The CYBUS3384 was originally designed to three-state signals for busing applications. Due to the symetric nature of the MOS device being used, the CYBUS3384 can also be used in bidirectional applications (e.g., I/O pins commonly used on SRAMs). The “switch” consists of a simple NMOS pass gate controlled by a common (active LOW) enable signal as shown in Figure 1. When a LOW signal is applied to the control line, the signal applied to one side of the switch (side A) is allowed to propagate directly through to the output on the other side (side B). A HIGH signal applied to the control line would prevent the input from propagating to the output and would place the output in a high impedance, three-state condition. The output of the pass gate is a function of both the gate and drain voltages. The gate voltage is a function of VCC. Therefore, by regulating VCC of the Bus Switch we are able to control the
voltage applied to the gate of the pass gate, which in turn limits the output swing of the device. If VCC is properly regulated, the output levels can be 3.3V compatible.

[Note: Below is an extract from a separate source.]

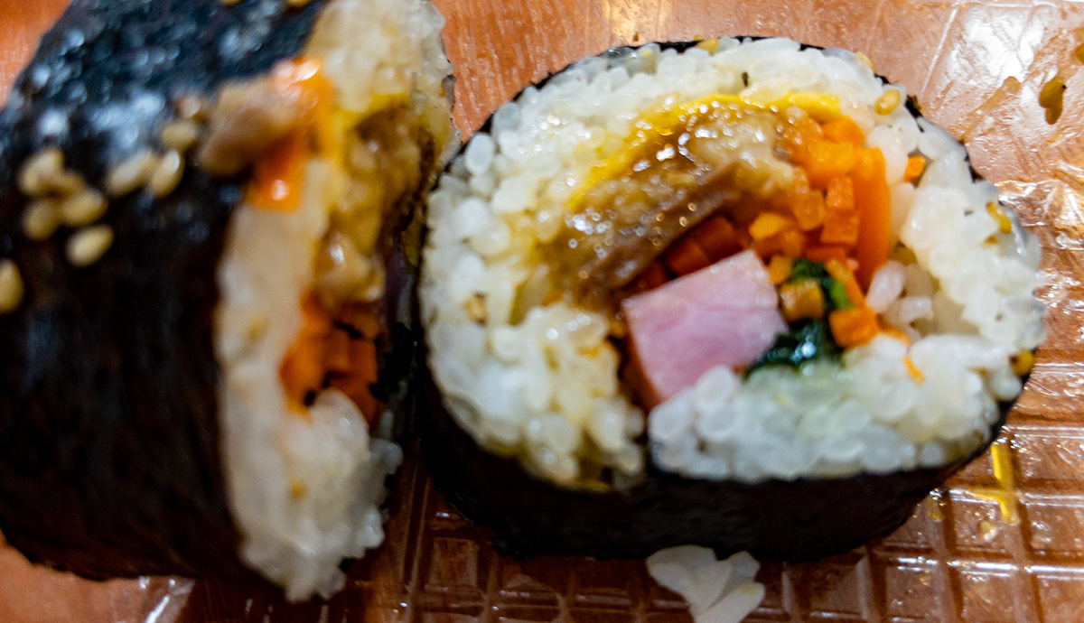 甘辛く味付けした牛焼肉と人参ナムルやたくあん、ハムなどが入った具だくさんの一品。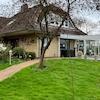 Das stattliche Wohnhaus liegt in der Mitte eines parkähnlichen Grundstücks, das man über einen Privatweg erreicht. Aus allen Räumen des modernisierten Hauses blickt man durch große Fenster auf das einladende Außengelände, zu dem Rasenflächen, zwei Teiche, drei Terrassen, gepflasterte Wege sowie ein großzügiger Parkplatz und eine lange Auffahrt zu einem Nebenhaus gehören.

The critical requirement for this circuit is to limit the VCC applied to the Bus Switch. This can easily be accomplished with the existing 5V power supply and a simple zener diode-resistor network as shown in Figure 2. By adjusting either the resistor value or changing the zener diode, the VCC applied to the Bus Switch and the output levels can be tuned to the desired values. For a 5V–>3.3V conversion, the resistor used should be between 40–100 ohms (1/4 watt) and the zener diode has a Vz=4.3V (IZT=10 mA). A 3.9V Zener can be used if a smaller I/O swing is desired. This type of configuration will only draw approximately 10 mA. It is important to select a low-current zener diode so the desired results can be achieved without burning excess power.

The best feature of this 5V/3.3V translation is that no speed penalty is incurred. The maximum delay through the CYBUS3384 is 250 ps, well below the guardband of most high-speed designs. Therefore, Cypress’s high-speed 5V PROMs can be used in 3.3V systems without any speed penalty by merely translating the I/O levels.